IN January, Justice Pushpinder Saini was appointed as the presiding judge of the Western Circuit, responsible for the deployment of the judiciary and allocation of cases on the circuit.
The 55-year-old High Court judge, who sits in the King’s Bench Division, will have a three-year tenure period, till December 2026, with responsibility for general supervision of judges on the circuit.
Saini was appointed as High Court judge in October 2019, following an open competition run by the Judicial Appointments Commission.
He has since delivered a number of important judgments, which include the case related to the death of Harry Dunn, the teenager who was killed in a road crash outside the US military base RAF Croughton in Northamptonshire, which caused diplomatic tension between the UK and US, after the suspect Anne Sacoolas, wife of a US official, claimed diplomatic immunity.
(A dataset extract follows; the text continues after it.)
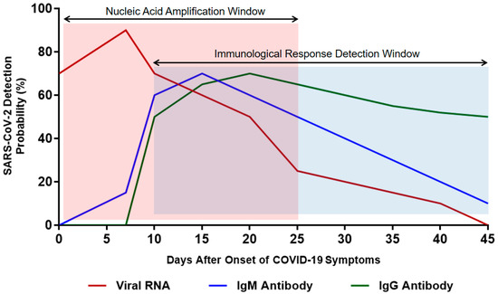 Immunoglobulin M (IgM) is the first line of defense against viral infection prior to the production of a long-term immune response provided by immunoglobulin G (IgG) [75]. Therefore, detecting certain antibodies of SARS-CoV-2 in a blood sample serves as a highly sensitive diagnostic technique [76]. Studies have reported that IgM antibodies can be detected following 3 to 6 days of SARS, whereas IgG antibodies are detected after 8 days of infection (Figure 4) [77]. Since SARS-CoV-2 is a member of the same family of viruses that cause SARS (Coronaviridae), the presence of IgM and IgG antibodies against them is expected in the blood of COVID-19 patients as an indication of infection [76]. IgM detection is considered an indication of early infection, whereas the presence of IgG antibodies indicates a late viral exposure [78].

A division bench consisting Saini ruled in favour of Sacoolas, but she was later volunteered to be prosecuted.
Saini was also part of the bench that rejected India’s appeal to extradite Kuldeep Singh, a senior member of a banned Sikh organisation, in December 2021, upholding the magistrates’ court order turning down the extradition on human rights grounds.
During his practising career, Saini was recognised as one of the leading barristers in the fields of civil liberties and human rights, along with administrative and public law and media and entertainment law.
He has acted as counsel on some of the leading human rights cases in the domestic courts and the European Court of Justice in Luxembourg and European Court of Human Rights in Strasbourg.
The Court of Appeal decision in Smith and others v Ministry of Defence, concerning territorial scope of the Human Rights Act 1998 as regards British service personnel was a case of particular interest among these. The case involved a series of claims brought by the families of troops killed while on duty in Iraq and a unanimous Supreme Court judgment held that the deceased soldiers were under the UK’s jurisdiction for the purposes of the Act at the time of their deaths.
He has acted for the UK government in Strasbourg and for the Cyprus government in a long-running inter-state litigation against Turkey. In 2009 Saini represented the Indian Premier League (IPL) in its first prosecution of a cricketer for an anti-doping offence, leading to a one-year ban on Mohammed Asif, a former Pakistan fast bowler, by the IPL Tribunal.
Saini is famous for representing celebrities such as Michael Jackson, Pink Floyd, Simon Cowell and Queen guitarist Brian May and footballer Nicolas Anelka.
The son of Punjabi immigrants from Kenya, Saini was raised and educated in Southall, West London. He attended Dormers Wells Comprehensive School in Southall before undertaking his undergraduate and graduate studies at Corpus Christi College Oxford, where he obtained two First Class law degrees.
He was called to the Bar in 1991 (Gray’s Inn) and took silk in 2008. He was appointed a Deputy High Court Judge in 2017 and a High Court Judge in 2019.
He has been at the forefront of outreach activities in seeking to encourage a more diverse range of people to enter the legal profession, and mentored a substantial number of minority ethnic applicants during his time at the Bar.